- [Work to be completed]: Your output should be exactly the lines from the one containing "This Honshu Boshin" through the final line of the following data, please, with no pictures.
Top of Information shown
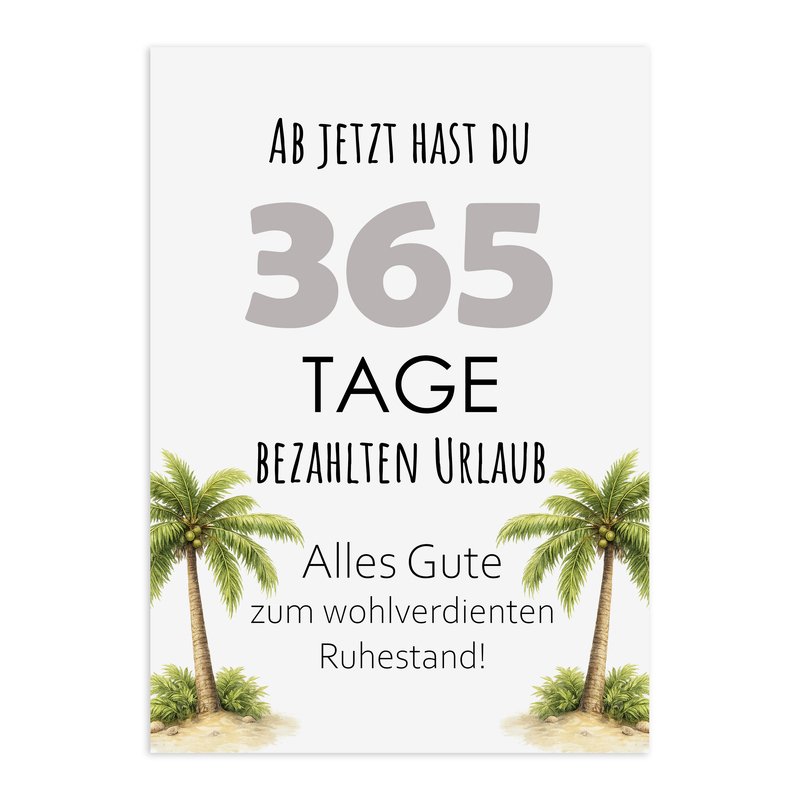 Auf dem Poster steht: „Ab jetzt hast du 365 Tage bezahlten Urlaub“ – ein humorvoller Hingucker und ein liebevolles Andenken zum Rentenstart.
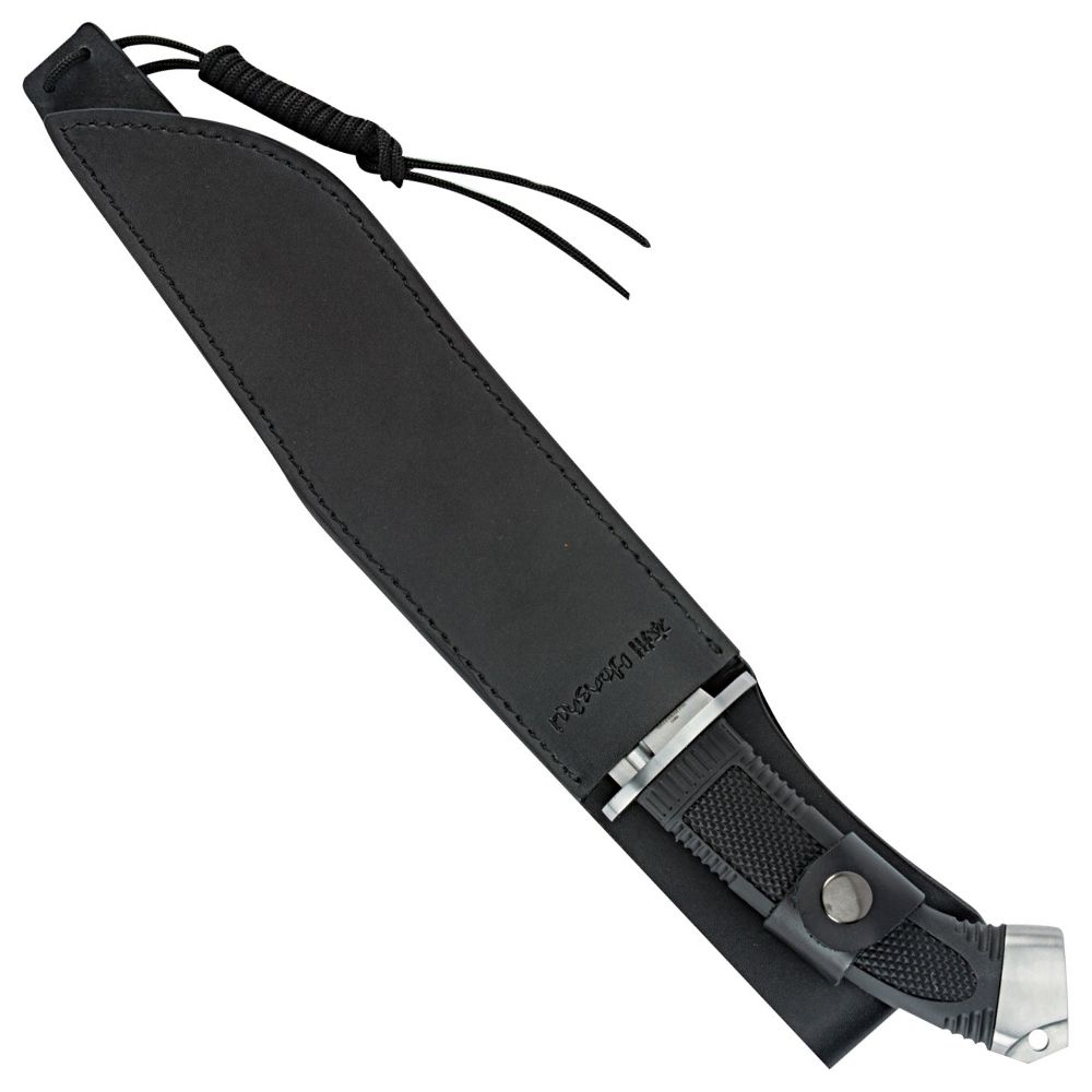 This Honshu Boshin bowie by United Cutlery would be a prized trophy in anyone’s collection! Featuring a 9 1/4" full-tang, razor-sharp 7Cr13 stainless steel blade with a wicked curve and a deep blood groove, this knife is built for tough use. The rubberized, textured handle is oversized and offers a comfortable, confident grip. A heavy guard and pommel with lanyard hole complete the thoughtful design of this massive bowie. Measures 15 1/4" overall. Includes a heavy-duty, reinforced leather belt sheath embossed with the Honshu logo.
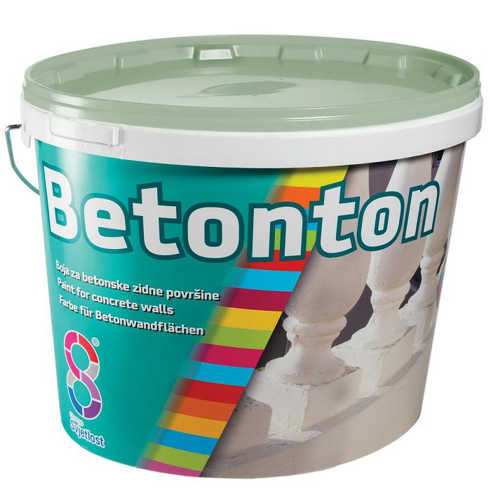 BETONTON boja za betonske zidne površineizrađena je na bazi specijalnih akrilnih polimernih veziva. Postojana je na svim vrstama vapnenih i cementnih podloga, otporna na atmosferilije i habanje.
Bottom of Information shown
- [Result of the exercise]:
 This Honshu Boshin bowie by United Cutlery would be a prized trophy in anyone’s collection! Featuring a 9 1/4" full-tang, razor-sharp 7Cr13 stainless steel blade with a wicked curve and a deep blood groove, this knife is built for tough use. The rubberized, textured handle is oversized and offers a comfortable, confident grip. A heavy guard and pommel with lanyard hole complete the thoughtful design of this massive bowie. Measures 15 1/4" overall. Includes a heavy-duty, reinforced leather belt sheath embossed with the Honshu logo.
 BETONTON boja za betonske zidne površineizrađena je na bazi specijalnih akrilnih polimernih veziva. Postojana je na svim vrstama vapnenih i cementnih podloga, otporna na atmosferilije i habanje.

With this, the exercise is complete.